Canola will take direction from the monthly supply and demand report from the U.S. Agriculture Department, due Thursday at 11 a.m. CDT, he said.

As to which direction canola would take, Wilton said Wednesday "it depends on what [the report] says.

"Until then we are pretty much stalled out here."

The April report is largely expected to stand pat, as the USDA will use acreage estimates from earlier this year. The latest forecasts for planted acres are set to be included in the May WASDE.

However, the trade predicted changes to U.S. soybean ending stocks for 2023-24 as well as production numbers for Brazil and Argentina.

CHS Hedging reported the average trade guess for the U.S. soybean carryover is to rise two million bushels at 317.0 million. Also, Brazilian output is to pull back from the 155.0 million metric tons the USDA estimated in March to 151.7 million, while that for Argentina is to bump up from 50.0 million tons to 50.5 million.
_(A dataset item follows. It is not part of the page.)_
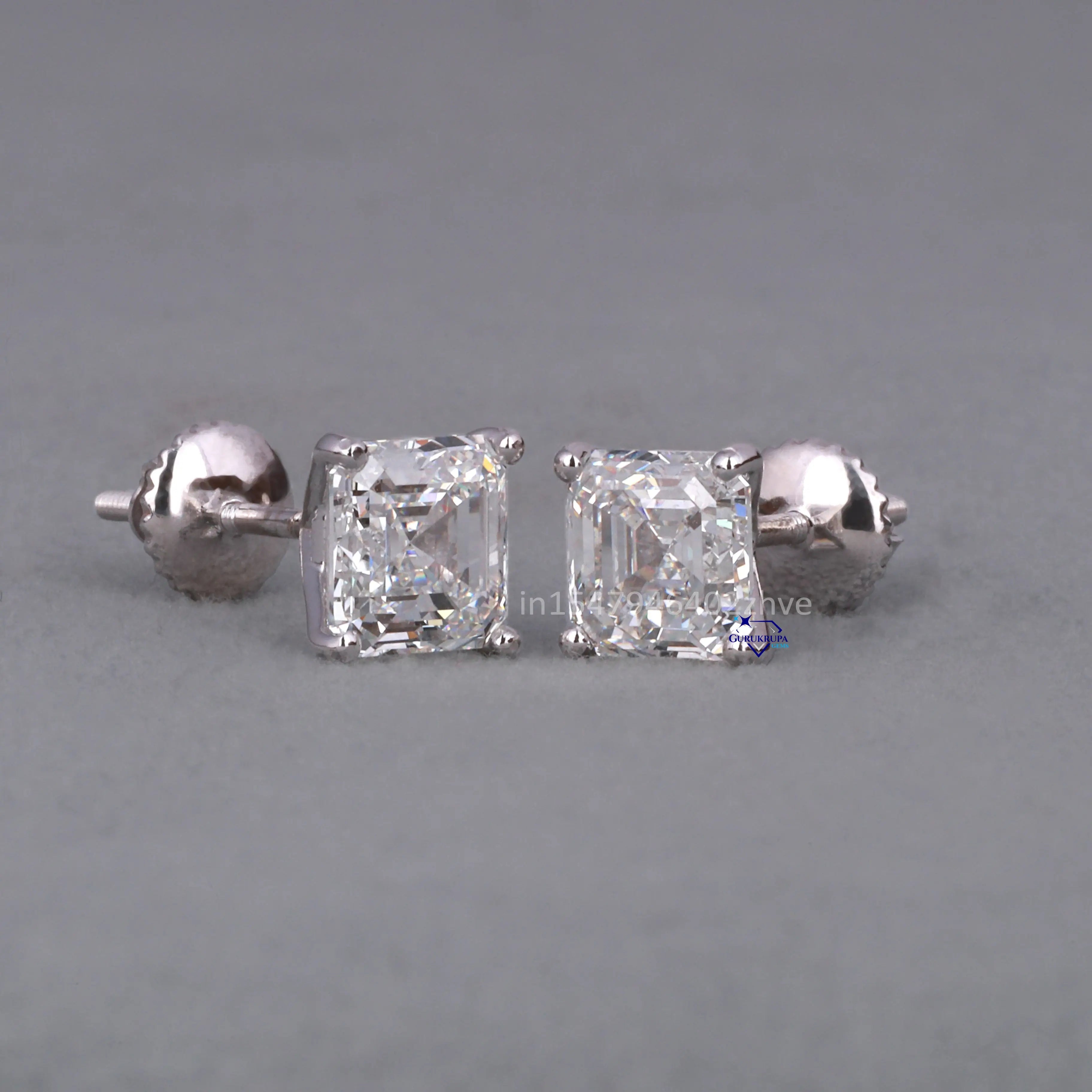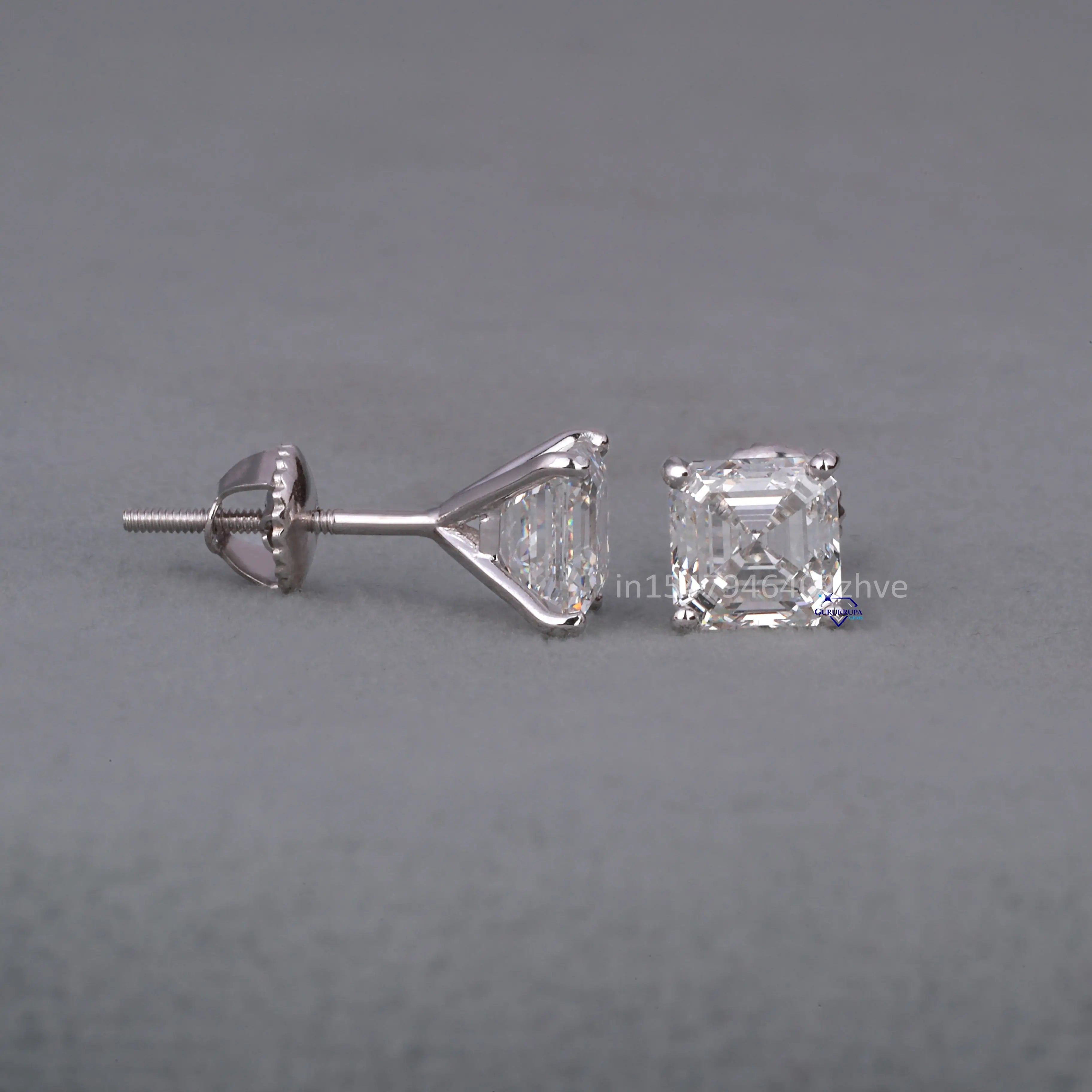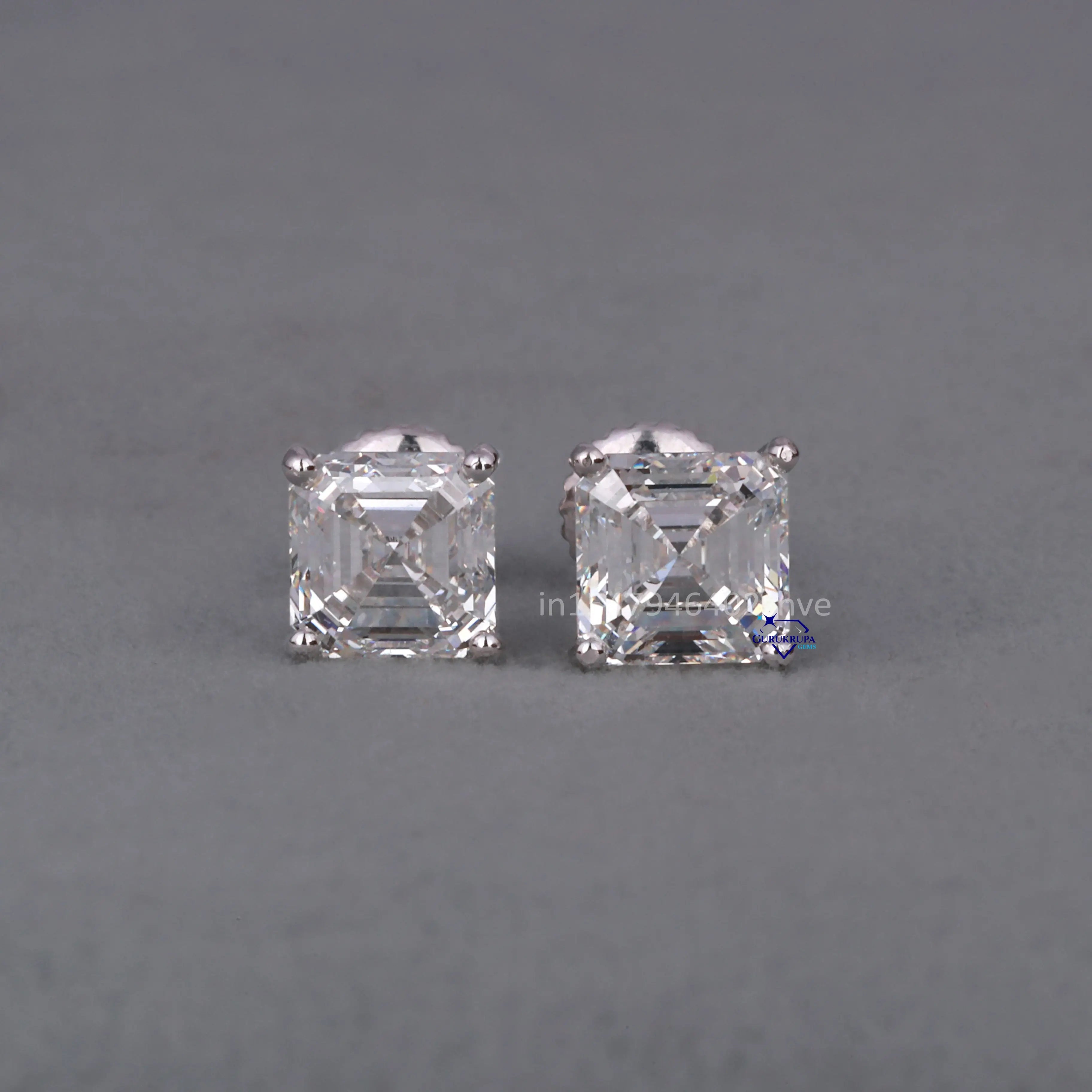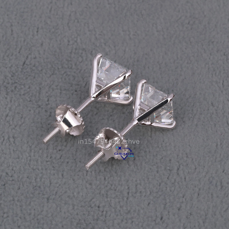 Daily wear trending beautiful asscher cut labgrown diamond earring made in 14kt white gold

Additionally, global soybean ending stocks are to ease 560,000 tons at 113.7 million.

At this time the Prairie weather isn't a factor, according to Wilton, but will change once canola planting across the region is well under way.

Despite less-than-average snowfall on the Prairies this winter, more recent precipitation and the forecast for rain during the week of April 15 would improve soil moisture levels.